Kaliphora
- Conservation status: Least Concern (IUCN 3.1)

Scientific classification
- Kingdom: Plantae
- Clade: Embryophytes
- Clade: Tracheophytes
- Clade: Spermatophytes
- Clade: Angiosperms
- Clade: Eudicots
- Clade: Asterids
- Order: Solanales
- Family: Montiniaceae
- Genus: Kaliphora Hook.f.
- Species: K. madagascariensis
- Binomial name: Kaliphora madagascariensis Hook.f.

= Kaliphora =

- Genus: Kaliphora
- Species: madagascariensis
- Authority: Hook.f.
- Conservation status: LC
- Parent authority: Hook.f.

Genus of shrubs

Kaliphora madagascariensis is a species of evergreen shrub or small tree. It is endemic to Madagascar, where it inhabits subhumid woodlands and forests in eastern Madagascar, in the provinces of Antananarivo, Antsiranana, Fianarantsoa, and Mahajanga.

==Description==
Kaliphora madagascariensis is a shrub or tree which grows 1 to 4 meters tall.

==Range and habitat==
Kaliphora madagascariensis is widespread in northern, central, and south-central Madagascar. It is chiefly found in the highlands of former Antsiranana, Mahajanga, Antananarivo and Fianaratsoa provinces. The species' estimated area of occupancy (AOO) is 420 km^{2}, and estimated extent of occurrence (EOO) is 149,903 km^{2}, based on known extant subpopulations.

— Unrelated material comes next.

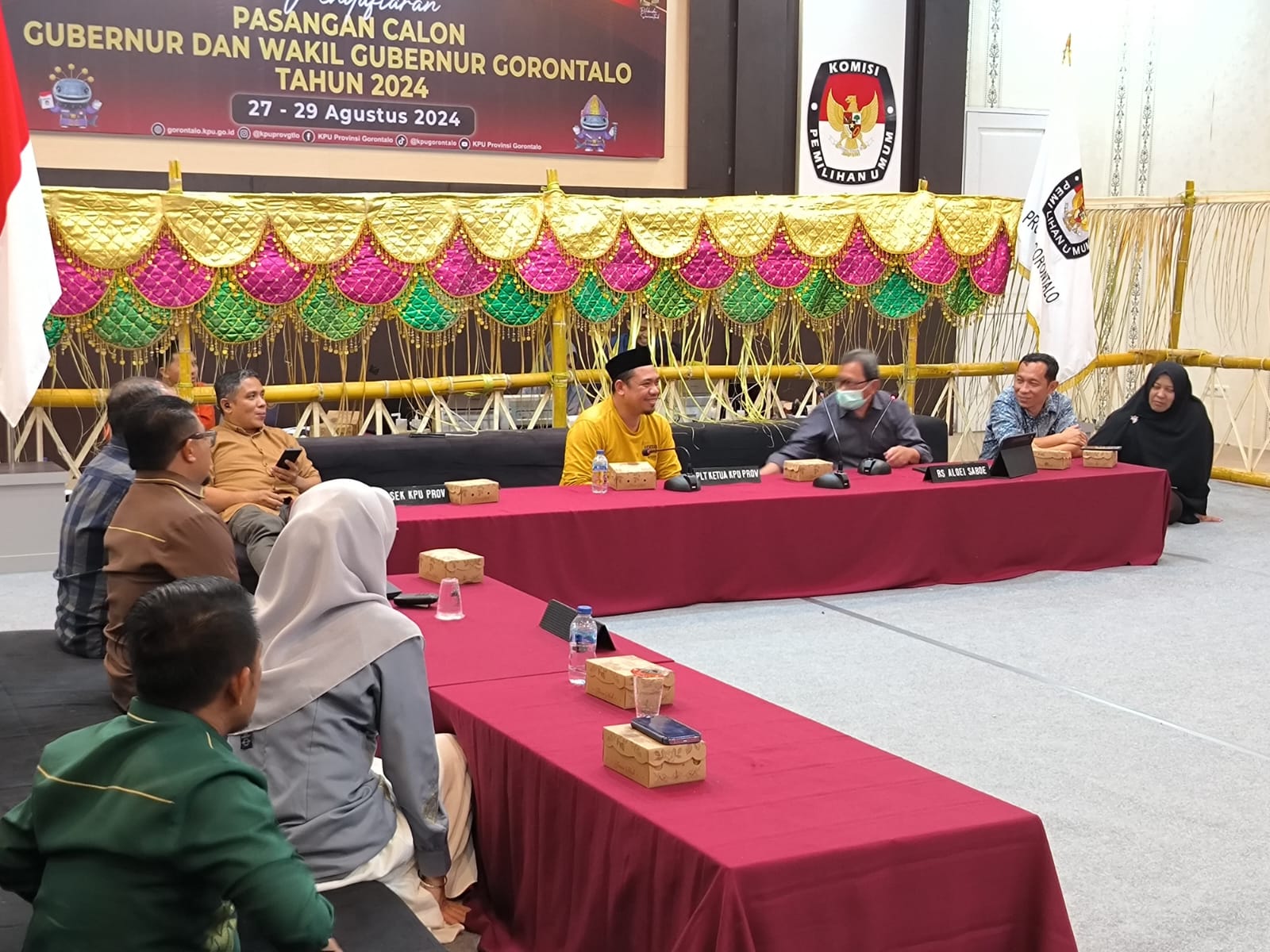 Ketua Idris Usuli bersama anggota Moh. Fadjri Arsyad, dan Lismawy Ibrahim ikuti Rapat Koordinasi Persiapan Pemeriksaan Kesehatan Bakal Pasangan Calon Gubernur dan Wakil Gubernur Gorontalo dalam Pemilihan Tahun 2024 di Kantor KPU Provinsi Gorontalo, Kamis (29/08/2024).[/caption]

Its principal habitats are dry, humid, and subhumid montane evergreen forests. It ranges from 50 to 2000 meters elevation.

==Classification==
Kaliphora madagascariensis is the sole species of the genus Kaliphora. Some recent classification systems, including the APG IV, classify the genus as part of family Montiniaceae; other systems, including that of Armen Takhtajan, classify Kaliphora in its own family, Kaliphoraceae.